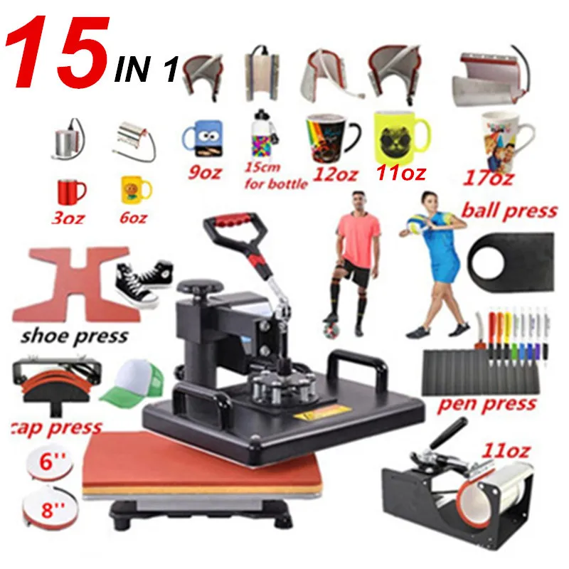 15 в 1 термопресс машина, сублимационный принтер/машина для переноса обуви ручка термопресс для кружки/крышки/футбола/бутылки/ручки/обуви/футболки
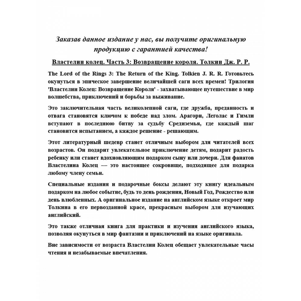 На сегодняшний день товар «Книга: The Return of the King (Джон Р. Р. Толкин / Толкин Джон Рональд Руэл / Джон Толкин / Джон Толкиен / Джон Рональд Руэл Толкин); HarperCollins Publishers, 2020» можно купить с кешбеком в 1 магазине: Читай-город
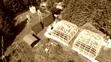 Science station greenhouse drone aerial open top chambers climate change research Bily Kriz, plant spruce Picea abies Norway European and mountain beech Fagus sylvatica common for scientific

━━━━━━━━━━━━━━━━

- [What is being asked]
Please produce an exact copy of all the material, leaving out the pictures.

- [Exercise output]
 15 в 1 термопресс машина, сублимационный принтер/машина для переноса обуви ручка термопресс для кружки/крышки/футбола/бутылки/ручки/обуви/футболки
 На сегодняшний день товар «Книга: The Return of the King (Джон Р. Р. Толкин / Толкин Джон Рональд Руэл / Джон Толкин / Джон Толкиен / Джон Рональд Руэл Толкин); HarperCollins Publishers, 2020» можно купить с кешбеком в 1 магазине: Читай-город
 Science station greenhouse drone aerial open top chambers climate change research Bily Kriz, plant spruce Picea abies Norway European and mountain beech Fagus sylvatica common for scientific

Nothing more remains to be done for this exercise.